A wrong phone number started Tawana Reliford down the long, steep road to owning her own home.
The single mother and her six children were renting a comfortable house in West St. Paul. The landlord wasn't able to make payments, and the home was in foreclosure. Reliford had 30 days to find a new place to live.
"I saw an ad for a four-bedroom home, so I called," she said. "I dialed the wrong number, and someone from MCASA answered the phone. She asked if I wanted to own a home someday."
MCASA is a Model Cities program started in 2004 to provide affordable homes for low- and moderate-income families. MCASA can get families into homes quickly because it offers rent-to-own or contract-for-deed options until prospective owners can qualify for a mortgage.
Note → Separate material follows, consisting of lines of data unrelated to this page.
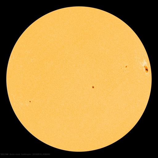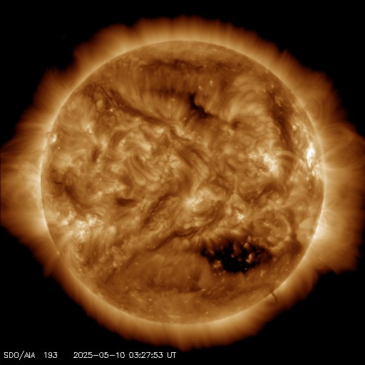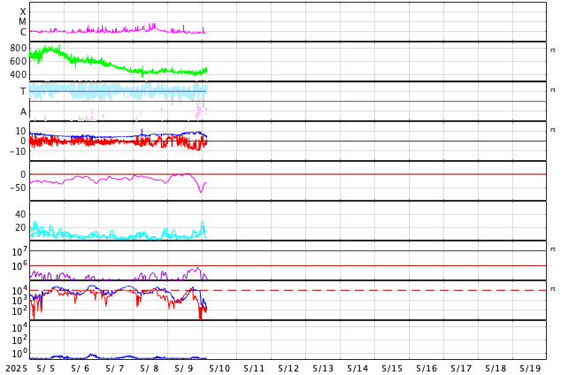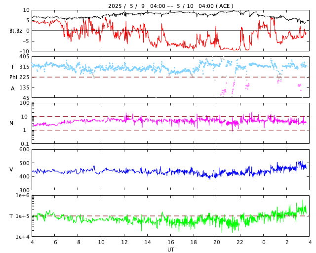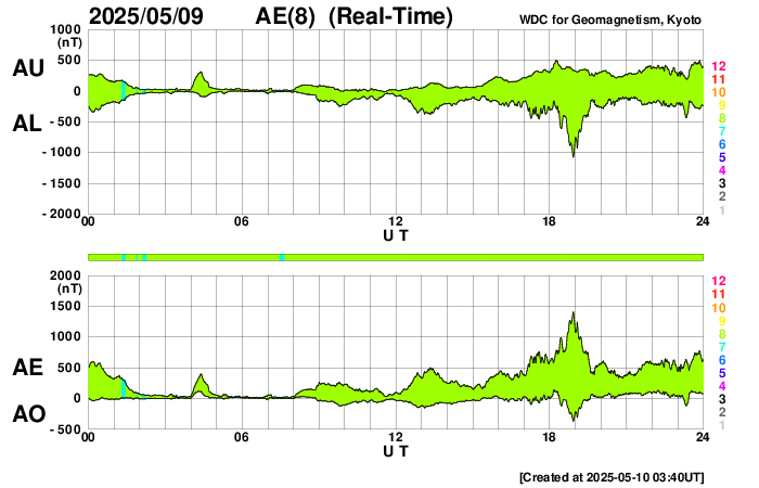 2025/ 5/10 12:59 更新 太陽風は平均的な状態です。磁場が南向きに強まって、磁気圏の活動が強まりました。 担当 篠原 太陽風の速度は、450km/秒と平均的な値が続き、 グラフの最後で480km/秒に少し上がっています。 磁場強度は、6nTから9nTに少し上がって、 最後で4nTに下がっています。 概ね平均的な状態が続いています。 SDO衛星AIA193では、 コロナホールが南西側(右下)に進んでいますが、 目立つ程の変化は来ていません。 太陽風磁場の南北成分は、 グラフの中盤で半日ほど、 南向きに強まる状態が続きました。 この影響で磁気圏の活動が強まり、 AE指数では500nTの変化が続き、 一時的に1300nTの大きい変化も発生しています。 現在は磁場の南向きの変化は小さくなっていて、 磁気圏の活動は規模が小さくなっています。 太陽は穏やかな状態です。 北西の端(右上)に近付いた4079黒点群で、 C4.9、C3.1の小規模フレアが発生した程度です。 この領域が西の端に沈むと、 太陽はより穏やかになりそうです。 ![]() SDO衛星のAIA193カメラによる太陽コロナの様子 (c) SDO (NASA) ![]() SDO衛星による太陽の可視光写真。マウスの矢印を写真に重ねると、黒点番号付きの写真に切り替わります。 (c) SDO (NASA) ![]() ACEが観測した太陽風の磁場(黒線は全体の強度、赤線は南北成分) 磁場の向き、プラズマの密度、速度、温度 (c) データ:NOAA/SWPC、作図:宇宙天気ニュース ![]() AE指数(速報値) 下段のAEグラフの値が高くなると、オーロラ活動が活発化しています。 (c) 京都大学WDC ![]() ![]() 27日の太陽周期に合わせた図 太陽が同じ面を地球に向けていた27日前の変化から、今後を予想することができます。 (c) 作図:宇宙天気ニュース
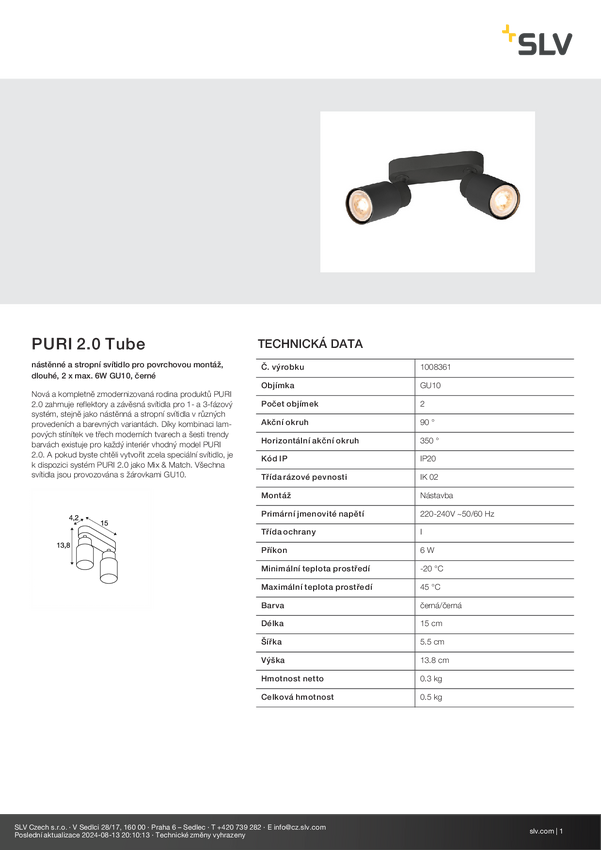 Lampa do systemu szynowego, wysokonapięciowego SLV PURI 1008370 6 W czarny
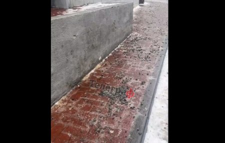 Автор відео зазначає, що за такої ожеледиці пересуватися тротуаром небезпечно, а використаний матеріал не виконує своєї функції.
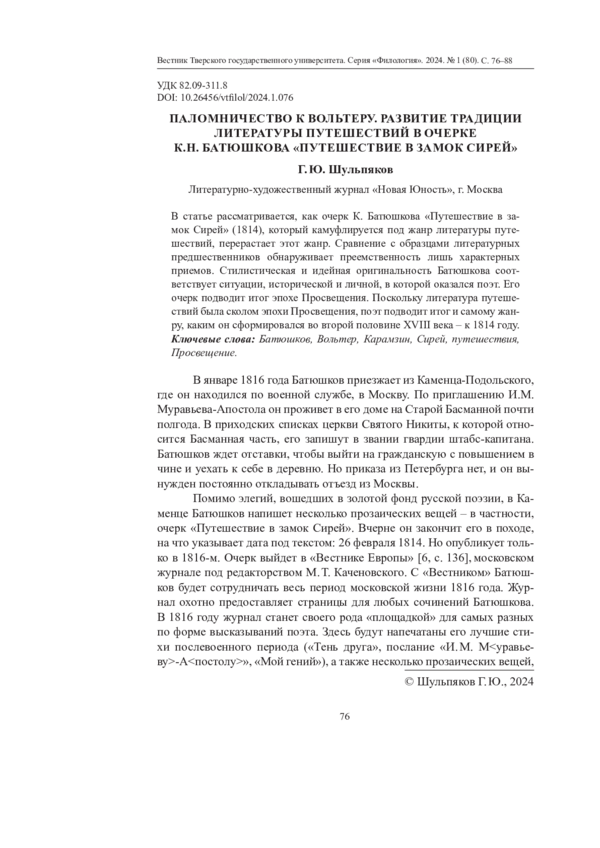 историческим и топографическим описанием всех тех мест. Москва : Университетская типография, 1800. 250 с. - Фридман Н.В. Проза Батюшкова. Москва : Наука, 1965. 165 с.
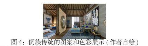 在现代建筑设计中,也可以运用侗族传统的色彩元素,设计出具有现代化特色的建筑,在增加建筑美感的同时,也突出了传统文化的独特魅力。例如,在大楼的门廊、通道或窗户上运用侗族传统的图案和色彩进行装饰,形成独具特色的建筑外观。融合运用侗族文化颜色元素,能够让传统文化色彩更有生命力,让传统文化中鲜明的色彩和音乐元素带给现代人活力、新鲜感,更好地传承和弘扬侗族文化的美好特色,如图4所示。
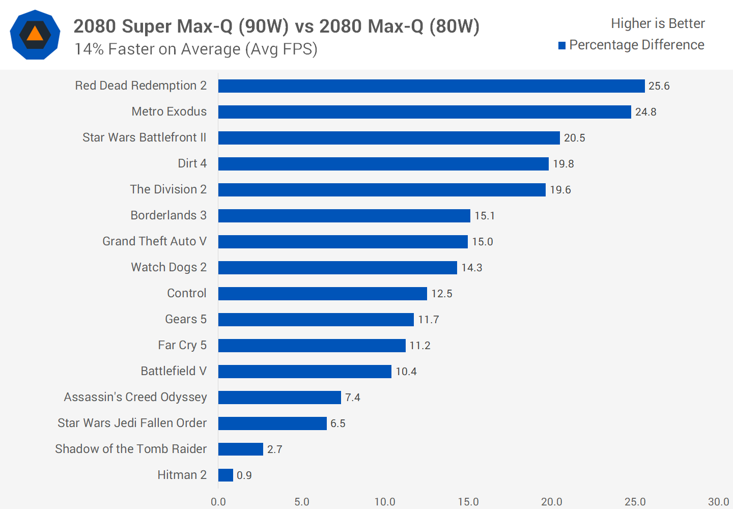 Enfin, nous avons une comparaison entre le RTX 2080 Super Max-Q fonctionnant à 90W et le RTX 2080 Max-Q fonctionnant à 80W. Avec une puissance supplémentaire de 10 W et une efficacité accrue, la variante Super se termine 14% plus rapidement. Sur la base de ces chiffres, nous nous attendons à des gains élevés à un chiffre lorsque les deux GPU fonctionnent à 90 W, ce qui rend le modèle Super plus rapide que ce qui précède, bien qu'il s'agisse toujours d'une mise à niveau incrémentielle.

At the same time, MCASA is improving blighted blocks by acquiring homes, often vacant and rundown foreclosed properties, fixing them up and selling them to first-time homebuyers who have gone through counseling and classes.
A year after that fortuitous phone call, Reliford has obtained a mortgage and now owns a completely rehabbed stucco four-bedroom home in St. Paul's Aurora St. Anthony neighborhood.
"I never thought about buying a house," said Reliford, who grew up in the Chicago housing projects. "No one else in my family has owned a home. But then it started to hit me that it was possible."
It was possible with Reliford's steadfast resolve, an attentive group of MCASA staffers and a loan officer at Wintrust Mortgage.